Frank Gladden was Scarlett’s graduate adviser in biology. He recalls his former student fondly.

“He was a very cooperative student,” said Gladden, who retired in 1987. “He was very interested to learn, very interested in medical school. I have always enjoyed his company.”

Scarlett graduated June 3, 1966, with a bachelor of science in biology. Soon after, he enrolled in medical school at Howard University in Washington, D.C. He followed that with an internship and residency and began his practice in Fort Worth in 1977. He moved to the Hill Country 16 years ago because he said there was a need for doctors there.

Despite transferring to UTA, Scarlett has no regrets about his days in Denton.

“That incident of unpleasantness in regard to North Texas was isolated,” he said. “My experience there, across the board, really was positive.”

‘Am I the only black graduate this year?’

UTA honored Scarlett in February with the Outstanding African American Alumni Award.
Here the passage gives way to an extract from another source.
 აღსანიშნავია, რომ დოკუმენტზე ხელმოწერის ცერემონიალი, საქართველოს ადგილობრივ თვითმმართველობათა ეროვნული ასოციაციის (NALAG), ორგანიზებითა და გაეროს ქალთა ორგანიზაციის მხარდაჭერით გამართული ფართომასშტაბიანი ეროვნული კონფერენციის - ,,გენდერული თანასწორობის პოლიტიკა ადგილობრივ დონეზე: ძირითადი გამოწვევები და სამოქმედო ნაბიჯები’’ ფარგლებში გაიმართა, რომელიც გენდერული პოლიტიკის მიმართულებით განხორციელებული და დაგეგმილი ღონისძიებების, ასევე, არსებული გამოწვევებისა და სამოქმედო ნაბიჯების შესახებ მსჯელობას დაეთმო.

When he graduated almost 40 years ago, he received much less attention. He looked around Texas Hall and wondered, “Am I the only black graduate this year? Or has anybody graduated before me?”

“Those sort of little thoughts run through your head while you’re waiting on them to give you your degree,” he said. “And after that, when President Jack Woolf called my name and I went to get my degree, that was the last time I thought about it.”
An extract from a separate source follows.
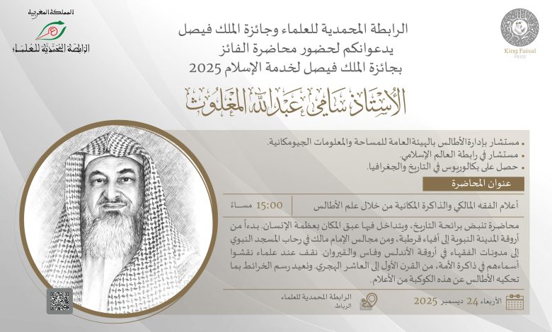تنظم جائزة الملك فيصل، بالتعاون مع الرابطة المحمدية للعلماء بالمملكة المغربية، مساء يوم الأربعاء 24 ديسمبر 2025، في مقر الرابطة بالعاصمة الرباط، محاضرة علمية بعنوان “أعلام الفقه المالكي والذاكرة المكانية من خلال علم الأطالس”.

Scarlett didn’t know he was UTA’s first African American graduate until 1997, when he was answering questions for a Star-Telegram reporter assigned to do a story on the 35th anniversary of segregation at the University. No one knew specifically who the first African American graduate was. Scarlett knew he was among the first and became curious. He asked the University to do some research, and the result came back: Though he wasn’t the first African American student to attend UTA, he was the first to graduate.

“It was just sort of an accident of fate or providence,” he said. “I guess I was just in the right place at the right time, so to speak. I’m proud of it personally, I’m proud for African Americans, I’m proud for UTA. I’m proud for our society in general.”